Все это продолжается, пока не надоедает кошке. И она, улучив момент, когда в грозе образовался некоторый перерыв или, вернее, затишье, вылетает из своего укрытия и начинает охоту на муху. Она преследует ее по всему курсу, вертится, выпрыгивает, пытаясь сбить лапой, настичь и затоптать. Но, видимо, муха летает слишком высоко, и кошка до нее не допрыгивает. Или промахивается. Вот, она попробовала достать мерзкое насекомое с дивана. Прыжок снова не удался, диван слишком мягок для хорошего толчка. Но кошка и не думает успокаиваться и сдаваться. Она взлетает на гладильную доску и там замирает. Она в засаде. Ждет, когда муха пролетит над ней. Ждет терпеливо и абсолютно бесшумно. Похоже, что даже не дышит. Наконец, прыжок, мелкий дриблинг лапами на полу, и гул смолкает. Она таки ее достала. И теперь празднует победу. Правда, недолго. Раздается трескучий и длинный удар грома, и кошка исчезает в своем убежище за креслом. А у меня этот удар отдается в затылке, потом в висках, потом оседает где-то у основания черепа. Там, где чаще всего бывает перелом при всяких авариях и катастрофах. Потому что основание черепа - это слабое место человека. Одно из слабых мест. Есть еще, скажем, шейка бедра. Которая в старости ломается при каждом удобном случае. Хотя старость есть старость. Старость - это другое. У такс в старости вообще позвоночник ломается сам по себе, от собственного веса. Так что старость это особый случай, о котором говорить надо отдельно. Или не надо вообще. Поскольку говори, не говори - ничего от этих разговоров не изменится. Старость неизбежно наступает и приходит ко всем, кому повезет до нее дожить. И застает, чаще всего, врасплох. Потому что к старости приготовиться нельзя. К смерти - можно. А к старости - нет. В этом сходство старости и жизни в целом. К жизни тоже нельзя приготовиться. И избежать ее нельзя. От тебя - не зависит. Тебе даже не положено знать, какой будет твоя жизнь, твоя старость и твоя смерть. И здесь бывают всяческие метаморфозы. Например, мой самый обыкновенный, ничем не выдающийся дед в старости стал настоящим красавцем, таким хрестоматийным патриархом, и начал пользоваться бешеным успехом у женщин - чего за ним не замечалось ни в юности, ни в молодости, ни в зрелости. И не у старух он пользовался успехом, а у молодых женщин "в самом соку". Все это было уже после смерти моей бабки, его бессменной жены, которой он был верен сорок шесть с половиной лет. Но попробовал бы он не быть ей верным.

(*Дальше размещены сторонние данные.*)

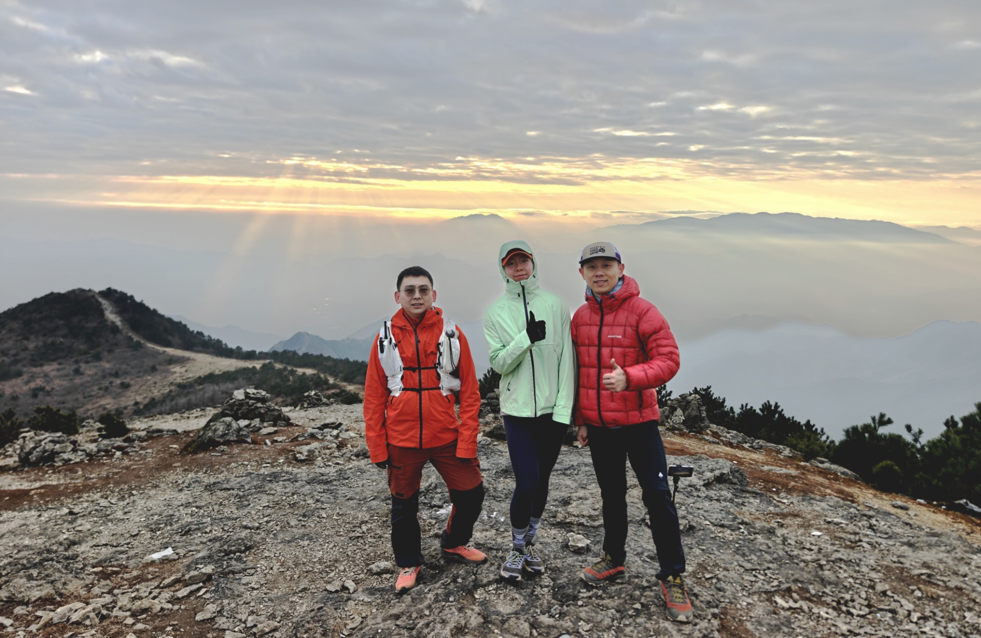 这个周末山顶也有不少驴友,部分是从“偷懒”路线上来看日出的,另外一大部分都是重装过来露营的。

Умер дед неожиданно и красиво. У него никогда ничего не болело. Никогда и ничего. Даже зубы у него не болели, даже голова. А где находится сердце, он знал очень приблизительно, понаслышке. При этом умер от инфаркта. И не в своей постели. А в чужой. Хорошо еще, что недалеко - в соседней квартире. С ним по соседству жила бездетная семья. Так вот муж уехал куда-то по делам государственной важности, а дед, значит, этим обстоятельством воспользовался. И перестарался, начисто забыв, что ему все-таки семьдесят семь лет. С памятью у него в последние годы было не все хорошо.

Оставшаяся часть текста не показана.